Claude Sonnet 5 is useful for ad teams only if it can see the right data and stop at the right boundary. Anthropic says Sonnet 5 can make plans, use browsers and terminals, and run more autonomously than prior Sonnet models (Anthropic). That is exactly why the setup matters. A stronger model connected to vague exports is still guessing.
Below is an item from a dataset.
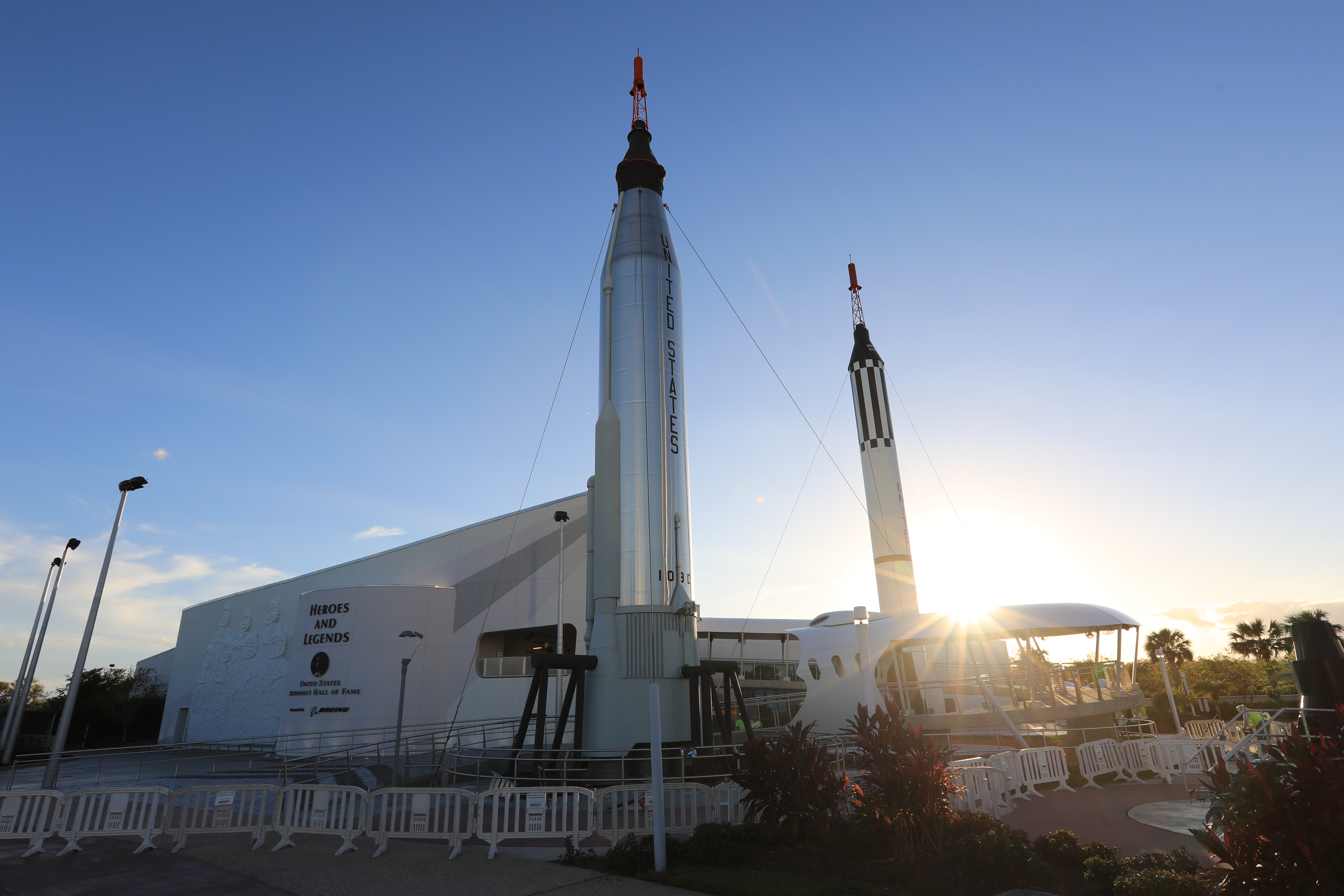The Heroes and Legends attraction at the Kennedy Space Center Visitor Complex is just inside the entrance to set the stage as guests arrive. In addition to displays honoring the Americans currently enshrined in the U. S. Astronaut Hall of Fame. The new facility looks back to the pioneering efforts of Mercury, Gemini and Apollo. It sets the stage by providing the background and context for space exploration and the legendary men and women who pioneered the nation's journey into space.

A stronger model connected directly to spend-changing tools without approval is risky.
For the broad overview, start with the Claude Sonnet 5 for AI marketers pillar. This guide owns the setup query: how to wire Sonnet 5 into Meta and Google Ads workflows without turning the model into an unbounded media buyer.
The target architecture
The safest setup has five layers.
| Layer | Purpose | Example |
|---|---|---|
| Data connectors | Read performance, settings, creative, and conversion data | Meta Ads, Google Ads, GA4, PostHog, CRM |
| Model runtime | Reason over the evidence and draft next actions | claude-sonnet-5 |
| Tool schemas | Keep platform actions structured and validated | Campaign ID, ad set ID, date range, platform |
| Approval gates | Stop before spend, targeting, publishing, or customer-data changes | Human approval, spend caps, allowlists |
| Audit log | Record what was proposed, approved, changed, and measured | Change log, report links, rollback note |
The model is only one layer. If you skip the other four, Sonnet 5 becomes a confident analyst with incomplete evidence.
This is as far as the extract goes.